On the other hand, if the water is more highly seasoned—and more mineral rich—than the green beans, then the opposite will happen. In an attempt to reach equilibrium, the green beans will absorb some salt from the water as they cook, seasoning themselves from the inside out. They’ll also remain more vibrantly colored because the salt balance will keep magnesium in the beans’ chlorophyll molecules from leaching out. The salt will also weaken the pectin and soften the beans’ cell walls, allowing them to cook more quickly. As an added bonus, there will be less of an opportunity for the green beans to lose nutrients because they’ll spend less total time in the pot.
I can’t prescribe precise amounts of salt for blanching water for a few reasons: I don’t know what size your pot is, how much water you’re using, how much food you’re blanching, or what type of salt you’re using. All of these variables will dictate how much salt to use, and even they may change each time you cook. Instead, season your cooking water until it’s as salty as the sea (or more accurately, your memory of the sea. At 3.5 percent salinity, seawater is much, much saltier than anyone would ever want to use for cooking). You might flinch upon seeing just how much salt this takes, but remember, most of the salt ends up going down the drain. The goal is to create a salty enough environment to allow the salt to diffuse throughout the ingredient during the time it spends in the water.

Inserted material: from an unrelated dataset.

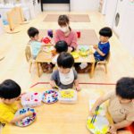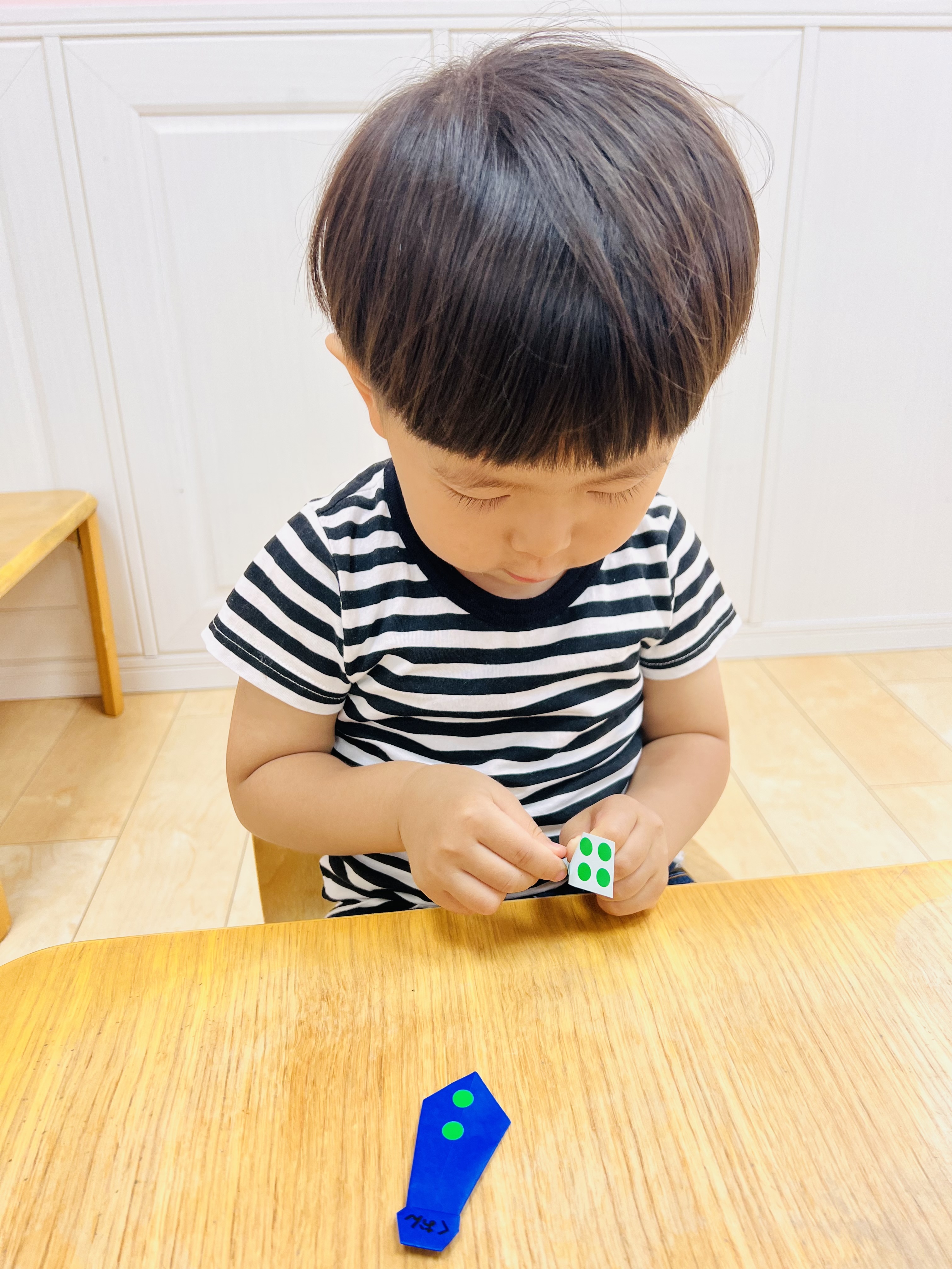 2歳児さんは少し小さな丸シールを上手に貼り、色も自分達で選んでます😊

It doesn’t matter whether you add the salt to the water before or after you set it on the heat, though it’ll dissolve, and hence diffuse, faster in hot water. Just make sure to give the salt a chance to dissolve, and taste the water to make sure it’s highly seasoned before you add any food. Keep a pot boiling on the stove for too long, though, and water will evaporate. What’s left behind will be far too salty for cooking. The cure here is s
imple: taste your water, and make sure it’s right. If not, add some water or salt to balance it out.

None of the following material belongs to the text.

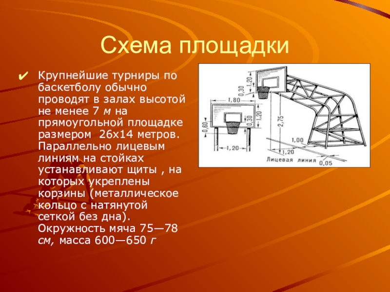 менее 7 м на прямоугольной площадке размером 26х14 метров. Параллельно лицевым линиям на стойках устанавливают щиты , на которых укреплены корзины (металлическое кольцо с натянутой сеткой без дна). Окружность мяча 75—78 см, масса 600—650 г

Cooking food in salted water is one of the simplest ways to season from within. Taste roasted potatoes that were seasoned with salt as they went into the oven, and you’ll taste salt on the surface but not much farther in. But taste potatoes that were simmered in salted water for a little while before being roasted, and you’ll be shocked by the difference—salt will have made it all the way into the center, doing its powerful work of seasoning from within along the way.
Salt pasta water, potato cooking water, and pots of grains and legumes as early as possible to allow salt to dissolve and diffuse evenly into the food. Season the water for vegetables correctly and you won’t have to add salt again before serving. Salads made with boiled vegetables—be it potatoes, asparagus, cauliflower, green beans, or anything else—are most delicious when the vegetables are seasoned properly while they’re cooking. Salt sprinkled on top of one of these salads at the time of serving won’t make as much of a difference in flavor as it will in texture, by adding a pleasant crunch.

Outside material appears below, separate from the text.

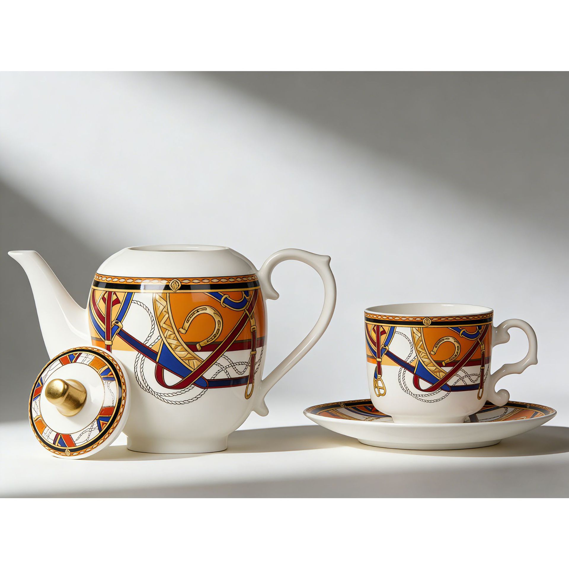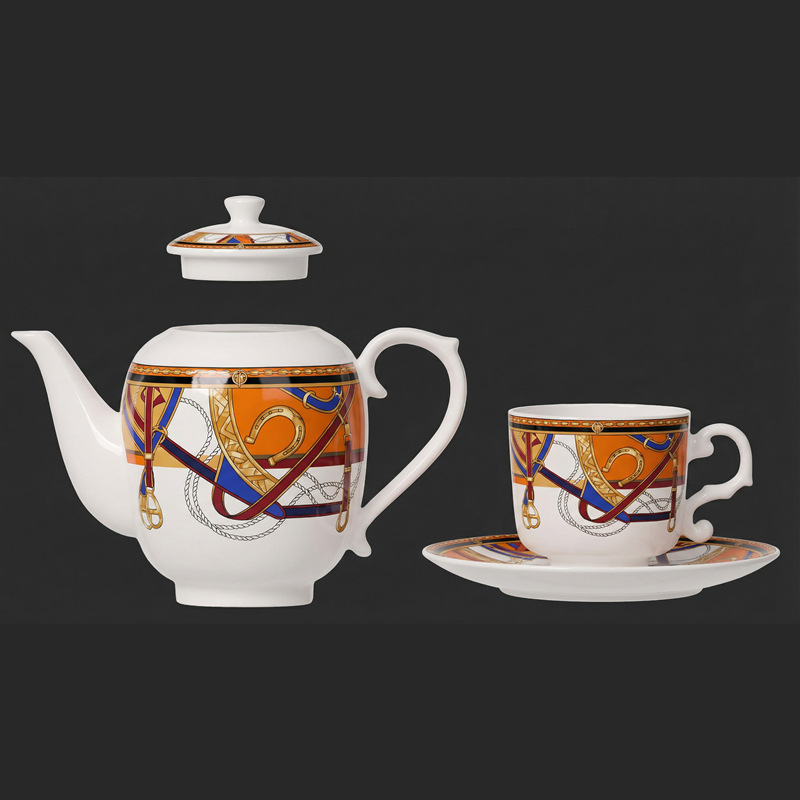 轻奢复古骏马意式浓缩咖啡杯碟小杯六件套陶瓷茶壶茶具下午茶套装

Salt meats that are going to be cooked in water, like any meats, in advance, but season the cooking liquids for stews, braises, and poached meats conservatively—keep in mind that you’ll be consuming any salt you add here. While some salt may leach from the seasoned meat into the less savory broth, it will have already done its important tenderizing work. Anticipate the flavor exchange that will happen between the seasoned meat and its cooking liquid, and taste and adjust the liquid, along with the meat, before serving.